The results demonstrate that adding broadband spectral detection to a portable HPLC provides an orthogonal dimension for analyte identification that mitigates the inherent limitations of retention-time-based identification in complex field matrices. Spectral fingerprinting coupled with unsupervised chemometric analyses (PCA/K-means, GMM, MCR-AR) enables detection and classification of overlapping and hidden peaks, addressing a principal challenge in PAH separations. Performance comparisons with a laboratory HPLC show similar retention time stability and chromatographic capability, suggesting straightforward method transfer between lab and field instruments. Although single-wavelength portable detectors are common, they lack the discriminating power needed for complex mixtures; the full-spectrum approach overcomes this without requiring MS hyphenation or elaborate sample preparation, both impractical in the field. The classifier’s independence from retention time enhances robustness to matrix-induced shifts, as evidenced by 100% identification rates in diverse environmental waters. While LODs (2.5–55.8 ng/mL) are higher than some lab-based EPA HPLC methods, proposed hardware and preconcentration improvements can narrow this gap. The platform and methodology generalize beyond PAHs to other analyte classes where UV–vis spectral diversity can be leveraged, and the ability to build and update spectral libraries from literature and newly acquired references supports scalable, field-ready fingerprinting.

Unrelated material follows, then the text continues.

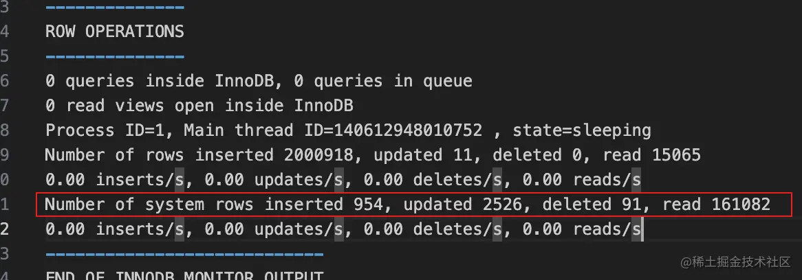 该命令会查询出MySQL Inndb存储引擎的操作情况,信息包含Innodb各种统计信息:

This work introduces the first fully stand-alone portable HPLC with broadband UV–vis spectral detection (180–890 nm) and demonstrates its ability to separate, detect, deconvolve, and identify complex PAH mixtures in the field. The system compares favorably to a commercial lab HPLC in retention time stability and overall chromatographic performance. By exploiting full-spectrum data and chemometric deconvolution, the method identifies co-eluting and hidden species and achieves 100% identification coverage of 24 tested PAHs, including the US EPA 16. Field testing on diverse water samples confirmed robust, retention-time-independent identification despite matrix effects. The study provides an extensible pipeline for real-time, onboard, unsupervised feature detection and spectral classification using libraries compiled from literature and in-house references. Future work should focus on improving sensitivity (longer effective pathlengths via optofluidic waveguides, lower-noise light sources, more sensitive detector arrays) and integrating field-amenable preconcentration to reduce LODs, as well as expanding spectral libraries and potentially incorporating retention-time priors when appropriate.

- Sensitivity: Achieved LODs (2.5–55.8 ng/mL) are higher than some EPA-reported HPLC method detection limits (0.018–2.3 ng/mL). Improvements in flow cell pathlength (with temporal resolution trade-offs), optofluidic waveguides, more sensitive detector arrays, and lower-noise light sources are needed to enhance sensitivity. - Chromatographic resolution: Not all features are baseline-resolved, especially on the faster Poroshell method; gradient elution could improve separation but would add system complexity and reduce portability. - Dependence on spectral references: Initial classifier performance was limited by sparse literature spectra for some PAHs; expanding and curating high-quality reference libraries is required for broad applicability. - Matrix effects on quantification: While identification is robust, spike recoveries varied (82–170%) in field samples, indicating matrix effects can affect quantitative accuracy without pre-treatment or matrix-matched calibration. - Hardware trade-offs: Extending optical pathlength or modifying detector components may impact temporal resolution or dynamic range; the current spectrometer prioritizes dynamic range over sensitivity. - No MS hyphenation: The platform relies on UV–vis spectral fingerprinting without mass information; although effective here, some analyte classes may benefit from mass-based confirmation not currently portable in this system.